The latter two modules will be performed with simple Python scripts executed on the [Polaris](https://argonne-lcf.github.io/ThetaGPU-Docs/) and [AI Testbed](https://www.alcf.anl.gov/alcf-ai-testbed) platforms at ALCF.
# Before You Arrive
Do the following before you come to the tutorial:
* You need a Google Account to use Colaboratory
* Goto [Google's Colaboratory Platform](https://colab.research.google.com)
* You should see this page
![start_page](README_imgs/colab_start_page.png)
* Click on the `New Python Notebook`
* Now you will see a new notebook where you can type in python code.
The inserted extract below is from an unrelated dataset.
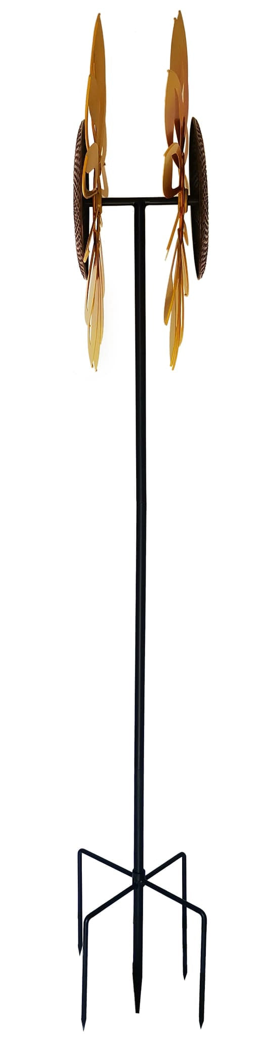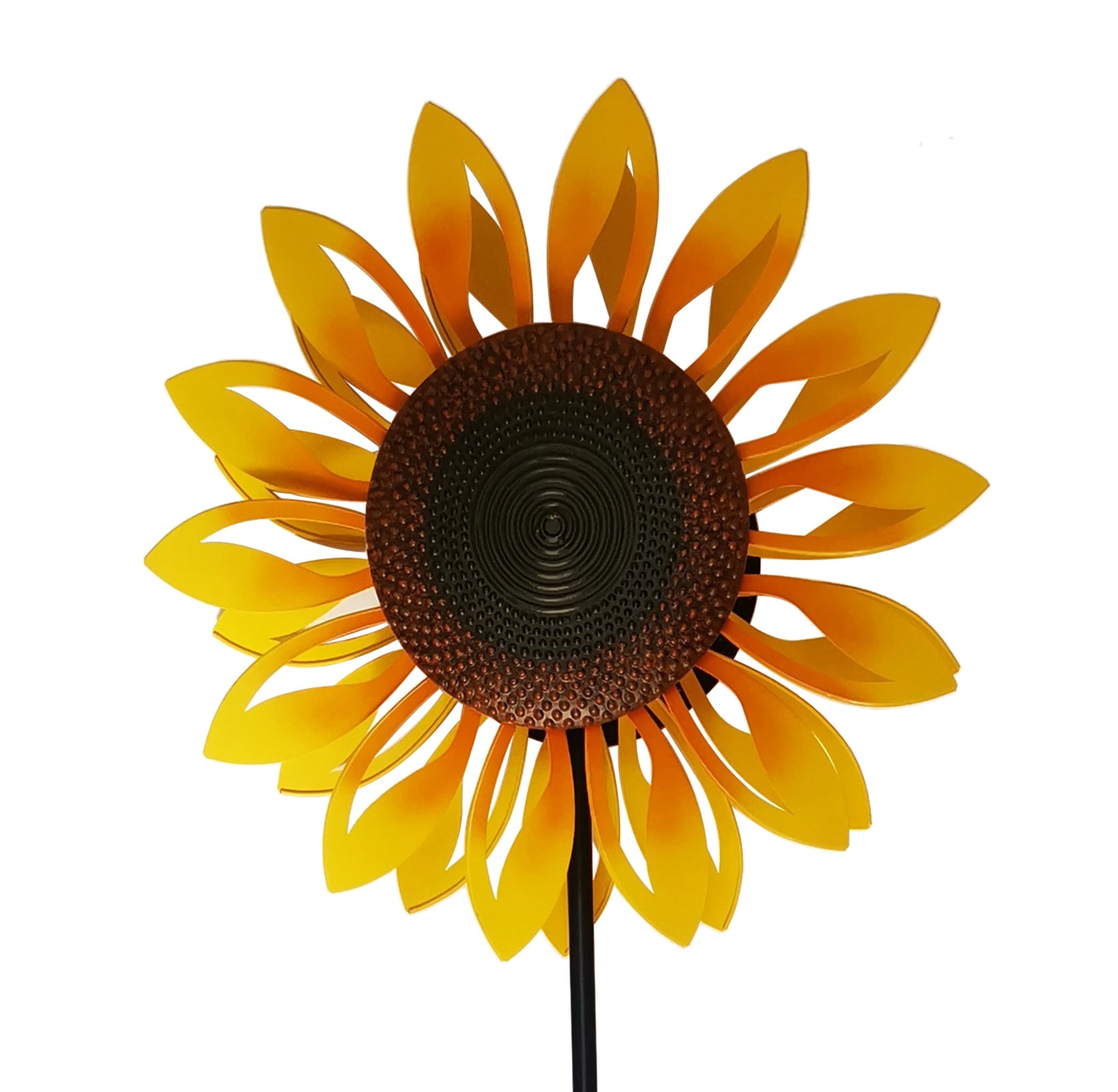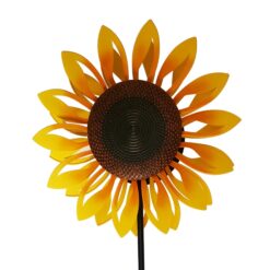 Bring cheerful movement and color to your landscape with this striking sunflower wind spinner. Designed with vibrant yellow dual layer petals and a textured bronze center, it creates an eye catching display as each layer spins independently with the breeze. Its tall profile and bold finish make it a standout accent for gardens, yards, and patios throughout the year.

![clean_page](README_imgs/collab_start_page1.png)
* After you enter code, type `+` to execute the code cell.
* A full introduction to the notebook environment is out of scope for this tutorial, but many can be found with a [simple Google search](https://www.google.com/search?q=jupyter+notebook+tutorial)
* We will be using notebooks from this repository during the tutorial, so you should be familiar with how to import them into Colaboratory
* Now you can open the `File` menu at the top left and select `Open Notebook` which will open a dialogue box.
* Select the `GitHub` tab in the dialogue box.
* From here you can enter the url for the github repo: `https://github.com/argonne-lcf/ATPESC_MachineLearning` and hit ``.
![open_github](README_imgs/colab_open_github.png)
* This will show you a list of the Notebooks available in the repo.
* Select the `introduction.ipynb` file to open and work through it.
* As each session of the tutorial begins, you will simply select the corresponding notebook from this list and it will create a copy for you in your Colaboratory account (all `*.ipynb` files in the Colaboratory account will be stored in your Google Drive).
* To use a GPU, in the notbook the select `Runtime` -> `Change Runtime Type` and you have a dropbox list of hardward settings to choose from where the notebook can run.